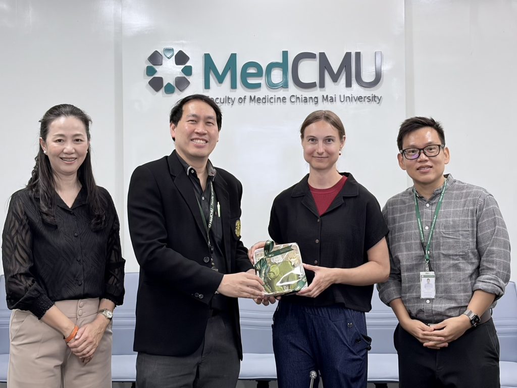 รศ.นพ.เอกรัฐ รัฐฤทธิ์ธำรง รองคณบดีคณะแพทยศาสตร์ มช. พร้อมด้วย ผศ.ดร.หทัยรัตน์ ธนัญชัย หัวหน้าภาควิชาจุลชีววิทยา และ ผศ.ดร.สมสกุล วงศ์ปาลีย์ อาจารย์ประจำภาควิชาจุลชีววิทยา ให้การต้อนรับ Ms. Kathrin Jäntsch, Biomedical Scientist จาก Diagnostic and Research Institute of Hygiene, Microbiology and Environmental Medicine at the Medical University of Graz ประเทศออสเตรีย
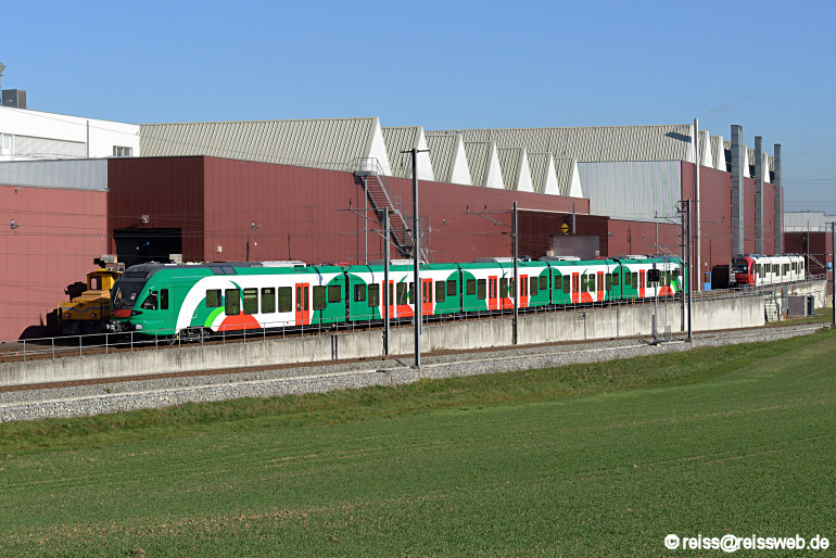 Auf dem Inbetriebsetzungsgleis in Bussnang stehen ein Flirt für die Ferrovie Emilia Romagna (Italien) und ein Meterspur-GTW für die TPF (10.11.2015).
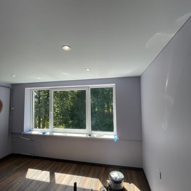 Kliento pageidavimai – visiškai atnaujintas kambarys, nauja elektros instaliacija, sumontuotos gipso kartono lubos, išlygintos ir nudažytos sienos, paklotas laminatas su grindjuostėmis, prijungti elektros įrenginiai bei sumontuoti šviestuvai.
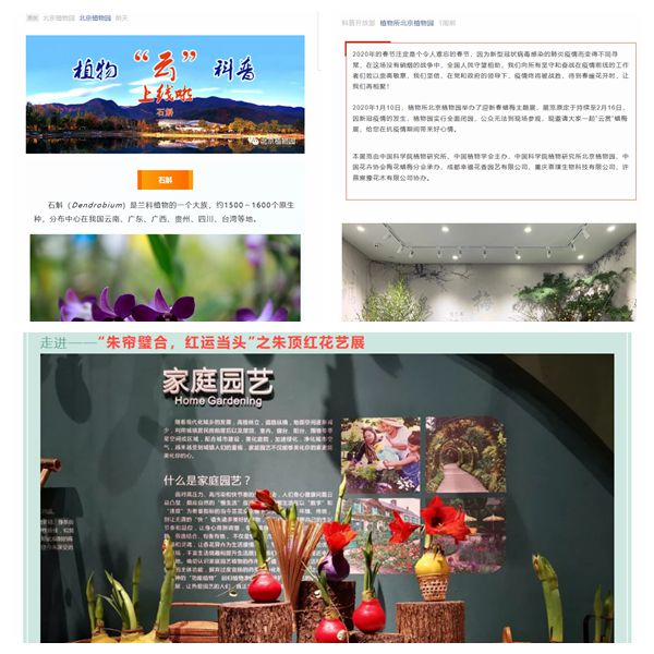 为杜绝室内传播,减少大量人员聚集,全国各地植物园积极采取措施,取消春节至今期间各项室内活动,并结合各自优势,推出多种线上活动,丰富了“抗疫”期间广大群众的文娱生活。如北京植物园在微信平台推出植物“云”科普系列活动,以每周定期放送两部科普视频的形式向粉丝展现植物之趣,让人们不出门也能学习植物知识;中科院北京植物园取消了原定持续至2月16日的迎新春腊梅主题展,邀请公众“云赏”腊梅展,以视频结合文字图片的形式生动展现腊梅之美,普及腊梅科学文化;成都植物园发布“云游成植”系列主题推文,以“云观展”和“云赏花”等形式介绍当下园内景观,弥补了花友因疫情不能亲临现场的遗憾。
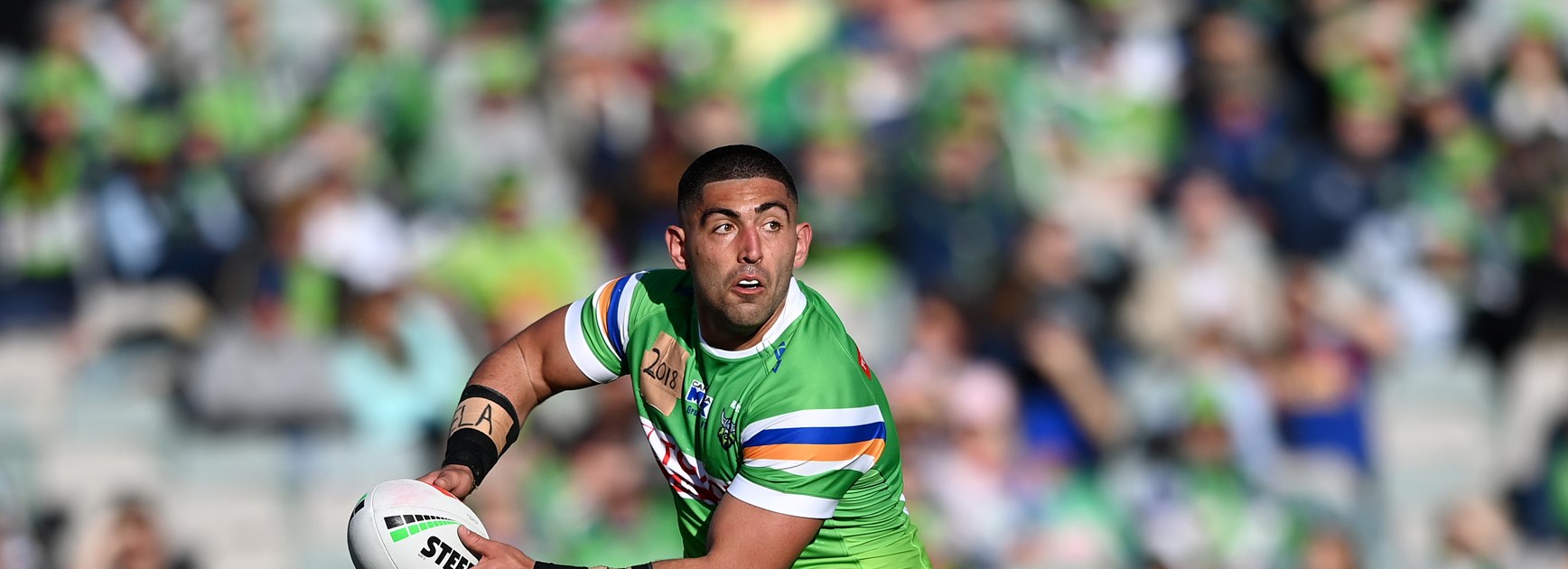 Winger for Raiders is number 5 Nick CotricWinger for Wests Tigers is number 5 Charlie Staines
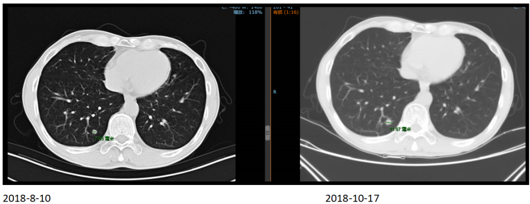 2018年8月10日复查胸部CT发现双肺多发小结节,遂定期观察随访。
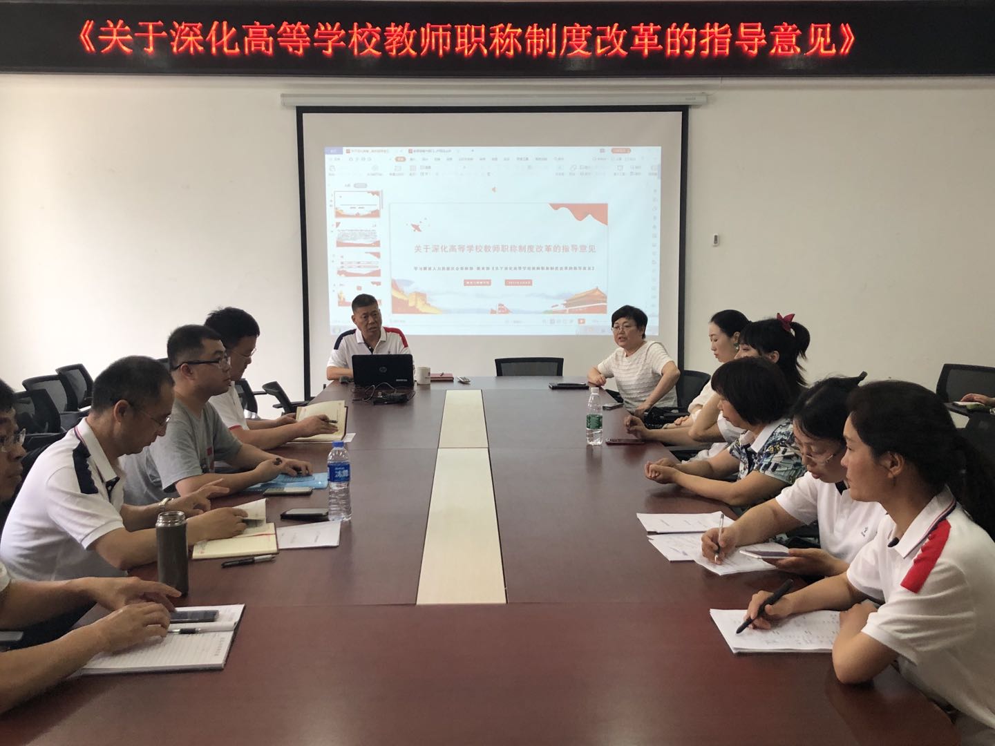 樊建科又领学了《关于深化高等学校教师职称制度改革的指导意见》的文件精神。他结合学院实际工作,重点解读了总体要求、主要内容和组织实施等三个方面的内容。他号召大家深刻领会文件精神,以德为先,教书育人,进一步提升自身的品德、能力和业绩,为高等教育事业发展提供人才支持,助推高等教育内涵式发展,助力我校“双高校”建设。
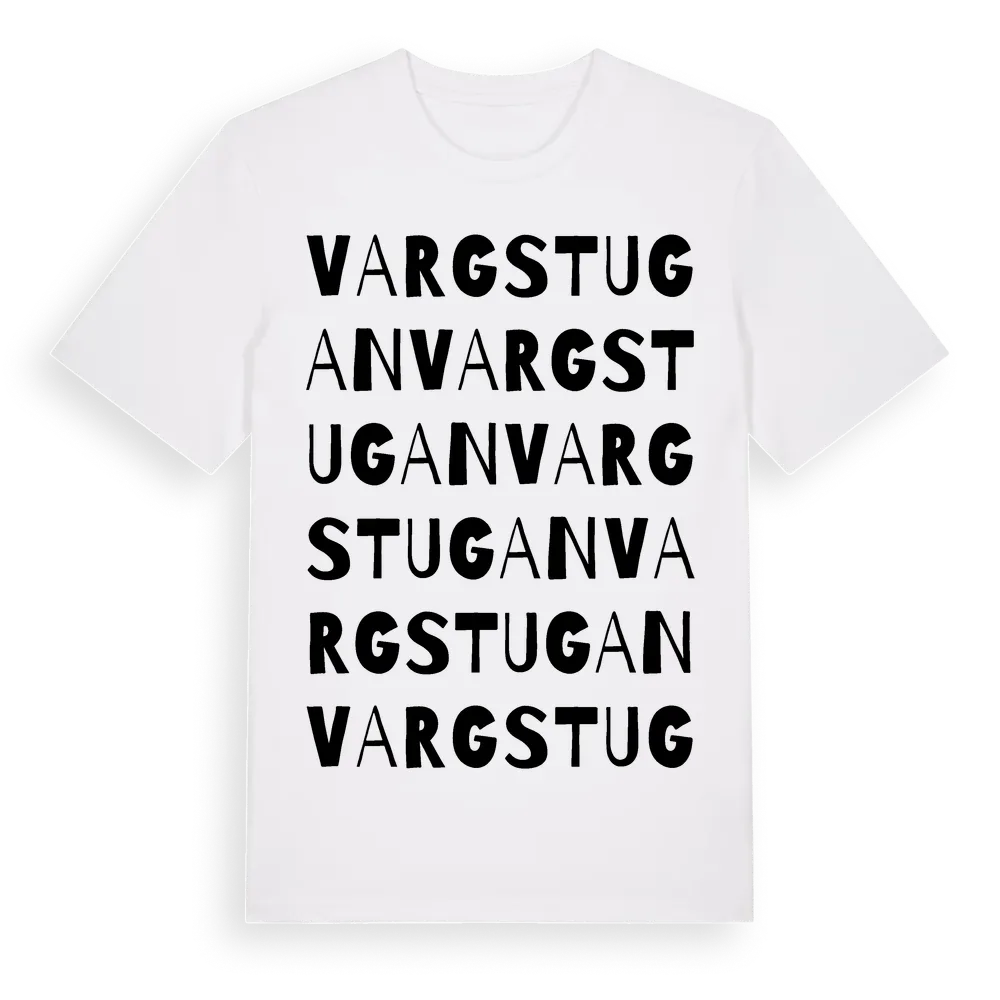 Vargstugan ordlek t-shirt är inspirerad av Vargstugan i Uppsala län, Sverige. Tröjan är designad för dig som har en speciell koppling till platsen – oavsett om du bor här, har rötterna här eller bara älskar Vargstugan.

⁂

■ Instructions for the task ■
Copy the listing above exactly, but only from the line with "Auf dem Inbetriebsetzungsgleis" through the line with "Kliento pageidavimai –", including those two lines and excluding any picture.

■ Result for this exercise ■
 Auf dem Inbetriebsetzungsgleis in Bussnang stehen ein Flirt für die Ferrovie Emilia Romagna (Italien) und ein Meterspur-GTW für die TPF (10.11.2015).
 Kliento pageidavimai – visiškai atnaujintas kambarys, nauja elektros instaliacija, sumontuotos gipso kartono lubos, išlygintos ir nudažytos sienos, paklotas laminatas su grindjuostėmis, prijungti elektros įrenginiai bei sumontuoti šviestuvai.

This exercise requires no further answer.